4.6          Consents;
Waivers. No consent, waiver, approval or authority of any nature, or other formal action, by any Person, not already obtained,
is required in connection with the execution and delivery of this Agreement by the Company or the consummation by the Company
of the transactions provided for herein and therein.

 

4.7          Acknowledgment
Regarding Holder’s Exchange of Securities. The Company acknowledges and agrees that the Holders are acting solely in
the capacity of arm’s length Holders with respect to this Agreement and the transactions contemplated hereby and that the
Holders are not (i) an officer or director of the Company, (ii) an “affiliate” of the Company (as defined in Rule
144 promulgated under the Securities Act), or (iii) to the knowledge of the Company, a “beneficial owner” of more
than 10% of the shares of Common Stock (as defined for purposes of Rule 13d-3 of the Securities Exchange Act of 1934, as amended).
The Company further acknowledges that the Holders are not acting as a financial advisor or fiduciary of the Company (or in any
similar capacity) with respect to this Agreement and the transactions contemplated hereby, and any advice given by the Holders
or any of its representatives or agents in connection with this Agreement and the transactions contemplated hereby is merely incidental
to the Holders’ acceptance of the Debentures. The Company further represents to the Holders that the Company’s decision
to enter into this Agreement has been based solely on the independent evaluation by the Company and its representatives.

 

4.8          Absence
of Litigation. Except as set forth on Schedule 4.8, there is no action, suit, proceeding, inquiry or investigation
before or by any court, public board, government agency, self-regulatory organization or body pending or, to the knowledge of the
Company, threatened against or affecting the Company, the Securities or any of the Company’s officers or directors in their
capacities as such.

 

4.9          No
Group. The Company acknowledges that, to the Company’s knowledge, the Holders are acting independently in connection
with this Agreement and the transactions contemplated hereby, and is not acting as part of a “group” as such term
is defined under Section 13(d) of the Securities Act and the rules and regulations promulgated thereunder.

 

4.10        Disclosure.
The Company confirms that neither it nor any other Person acting on its behalf has provided the Holders or its agents or counsel
with any information that constitutes or could reasonably be expected to constitute material, nonpublic information.

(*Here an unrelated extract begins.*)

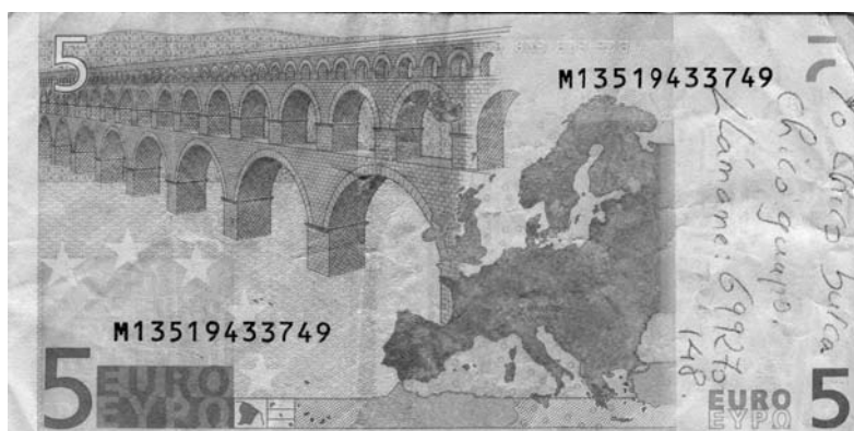
Figura 5. Billete de 5 euros, emitido por el Banco Central Europeo en 2002. Figura en su reverso un graffiti gay de contacto, realizado por un particular en España entre 2002 y 2006. (Colección del autor).

lismo entre el graffiti en billetes y el graffiti de servicios públicos o latrinalia . Aunque exista una insoslayable diferencia física en el soporte, que impide dotar al primero del peculiar valor simbólico o de la estigmatización cultural asignados a esos espacios reservados ni de su desarrollo textual amplificado; lo favorable de los billetes como soportes para ejercitar en la intimidad la práctica del graffiti hace que aparezcan temas o tratamientos típicos del graffiti dado en servicios públicos. Algunas circunstancias coincidentes como esa intimidad, el anonimato o la probabilidad de una presencia continuada y variada de receptores, a lo que se sumaría, en este particular, la despenalización oficial de la homosexualidad y la permisividad moral de la sociedad actual en España, serían claves para poder considerar, primero, que no hay porque estimar este graffiti como una broma o engaño, aunque sería también una opción muy posible 5 , entrando en la categoría «a»; y, segundo, apreciar cómo el grado de tolerancia o represión hace que ciertas producciones de graffiti amplíen o reduzcan su espacio de desarrollo o tengan tal o cual desarrollo en su forma y contenido. En este sentido, este tipo de mensaje se liberaba de algunas pautas clásicas en tiempos de persecución y castigo, tocantes a la exigencia de precaución (pruebas de la seguridad del emisor, la discreción en dar datos o la petición de formalidad, por ejemplo) 6 .

The Company
understands and confirms that the Holders will rely on the foregoing representations in effecting transactions herein.

 

4.11        SEC
Reports. The Company has filed all reports, schedules, forms, statements and other documents required to be filed by the Company
under the Securities Act and the Exchange Act, including pursuant to Section 13(a) or 15(d) thereof, for the two years preceding
the date hereof (or such shorter period as the Company was required by law or regulation to file such material) (the foregoing
materials, including the exhibits thereto and documents incorporated by reference therein, being collectively referred to herein
as the “SEC Reports”) on a timely basis or has received a valid extension of such time of filing and has filed
any such SEC Reports prior to the expiration of any such extension.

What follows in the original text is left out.